Optimizer options
Introduces the options available in CPLEX.
This manual explains how to use the LP algorithms that are part of CPLEX. The QP, QCP, and MIP problem types are based on the LP concepts discussed here, and the extensions to build and solve such problems are explained in the CPLEX User’s Manual.
Default settings will result in a call to an optimizer
that is appropriate to the class of problem you are solving. However,
you may wish to choose a different optimizer for special purposes.
An LP or QP problem can be solved using any of the following CPLEX
optimizers: dual simplex, primal simplex, barrier, and perhaps also
the network optimizer (if the problem contains an extractable network
substructure). Pure network models are all solved by the network optimizer.

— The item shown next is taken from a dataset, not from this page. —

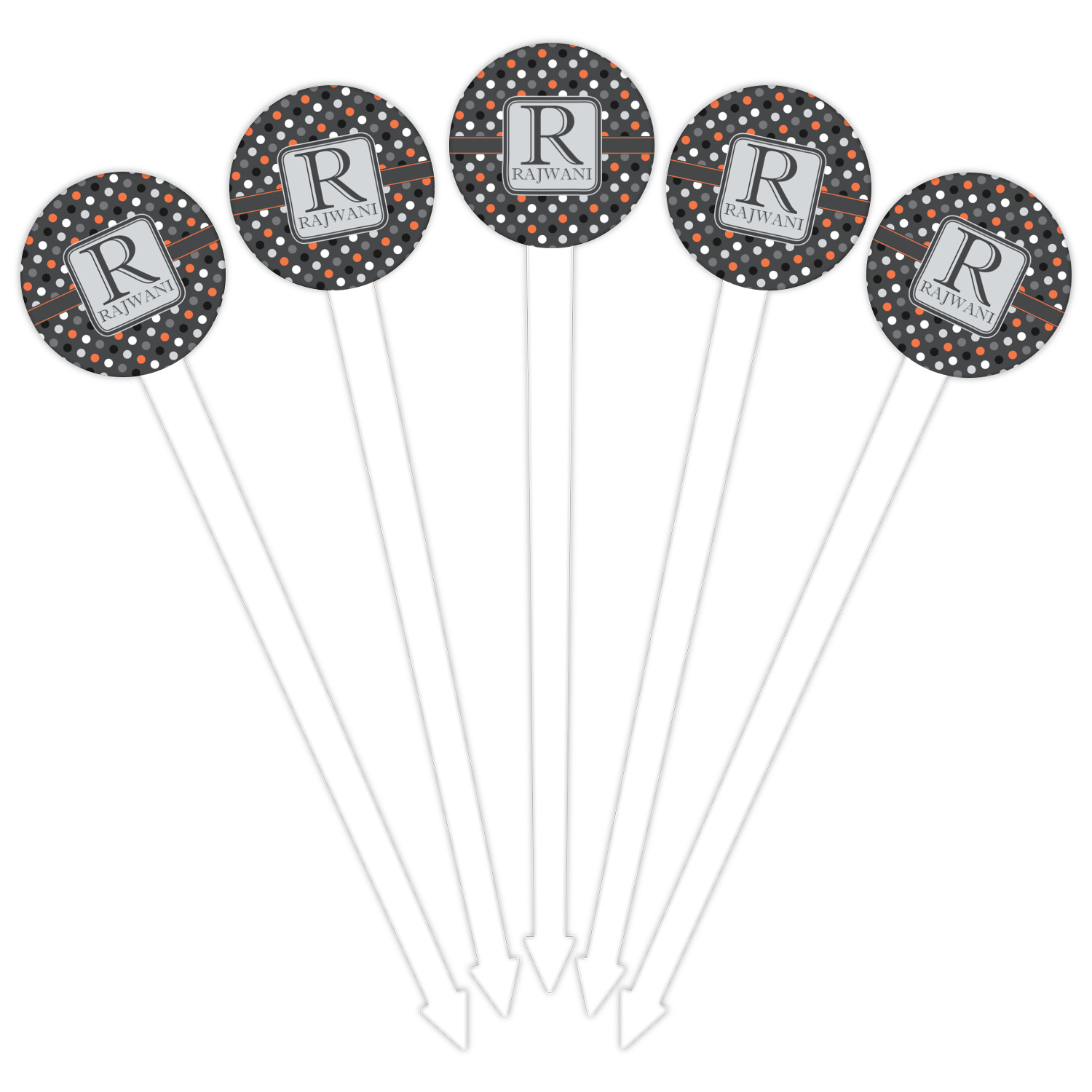 Our plastic cocktail picks have a round disc on top that is printed in full color with your event theme, colors, your logo, your photo, names, initials, monograms etc.

QCP models, including the special case of SOCP models, are all solved
by the barrier optimizer. MIP models are all solved by the mixed integer
optimizer, which in turn may invoke any of the LP or QP optimizers
in the course of its computation. The table titled Table 1 summarizes
these possible choices.
| LP | Network | QP | QCP | MIP | |
|---|---|---|---|---|---|
| Dual Optimizer | yes | yes | |||
| Primal Optimizer | yes | yes | |||
| Barrier Optimizer | yes | yes | yes | ||
| Mixed Integer Optimizer | yes | ||||
| Network Optimizer | Note 1 | yes | Note 1 | ||
| Note 1: The problem must contain an extractable network substructure. | |||||
The choice of optimizer or other parameter settings may have a very large effect on the solution speed of your particular class of problem. The CPLEX User's Manual describes the optimizers, provides suggestions for maximizing performance, and notes the features and algorithmic parameters unique to each optimizer.